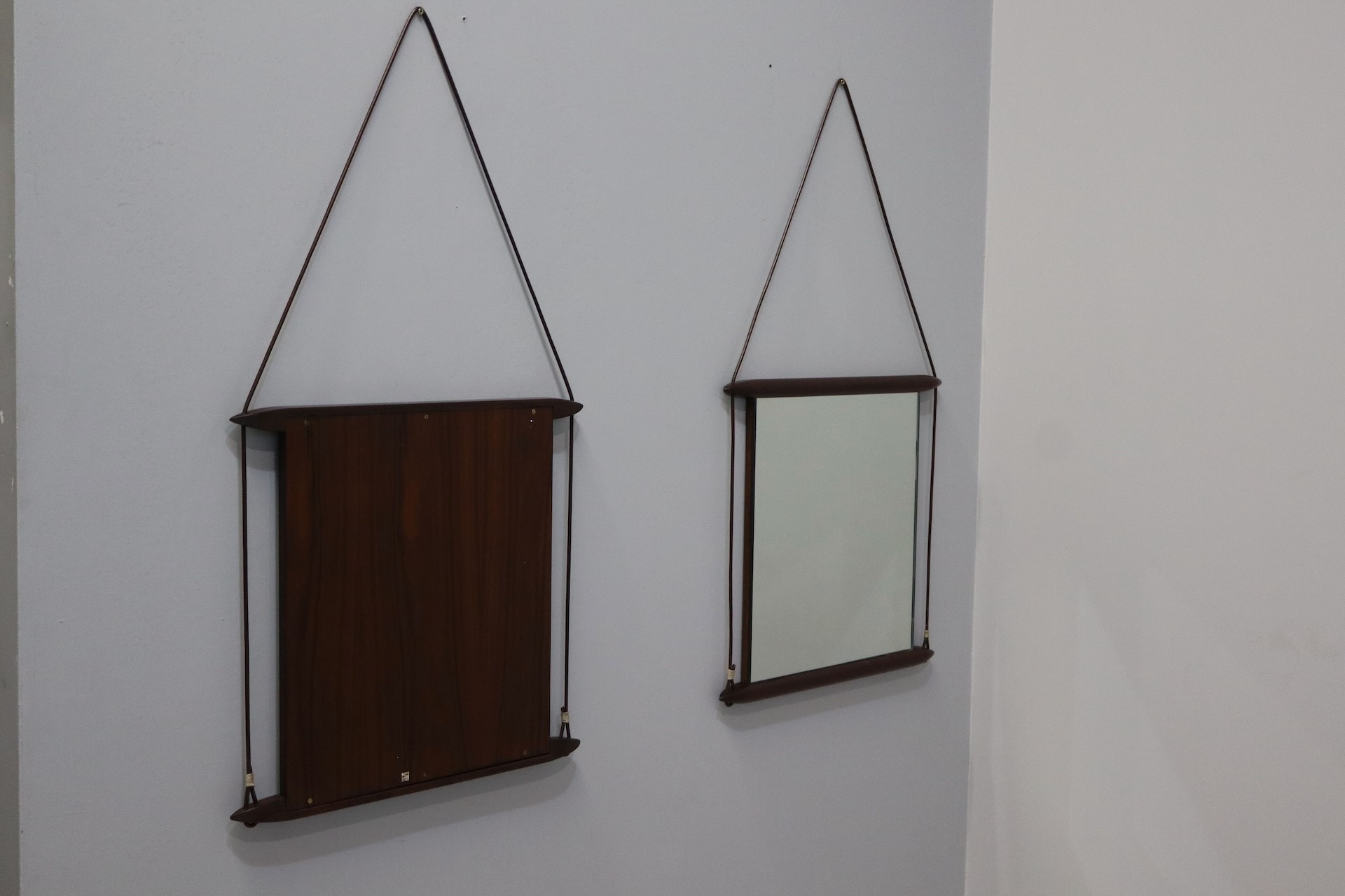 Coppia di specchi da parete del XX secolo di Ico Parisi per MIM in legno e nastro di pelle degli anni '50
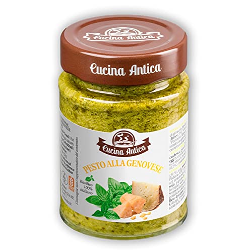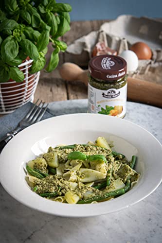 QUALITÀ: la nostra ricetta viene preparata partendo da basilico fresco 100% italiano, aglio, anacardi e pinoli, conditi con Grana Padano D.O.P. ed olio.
==========
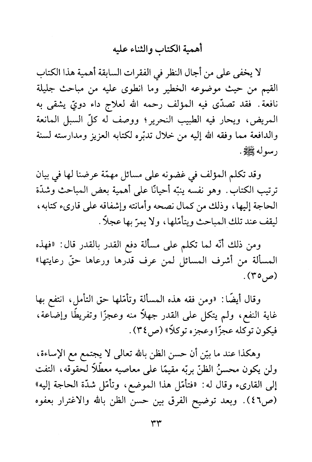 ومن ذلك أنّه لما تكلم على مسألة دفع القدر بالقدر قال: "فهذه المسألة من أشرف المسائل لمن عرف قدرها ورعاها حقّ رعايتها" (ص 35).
==========
Problem to solve => Take the lines above starting at the one containing "Coppia di specchi" and ending at the one containing "QUALITÀ: la nostra", and print them again exactly, without pictures.

Result =>
 Coppia di specchi da parete del XX secolo di Ico Parisi per MIM in legno e nastro di pelle degli anni '50
 QUALITÀ: la nostra ricetta viene preparata partendo da basilico fresco 100% italiano, aglio, anacardi e pinoli, conditi con Grana Padano D.O.P. ed olio.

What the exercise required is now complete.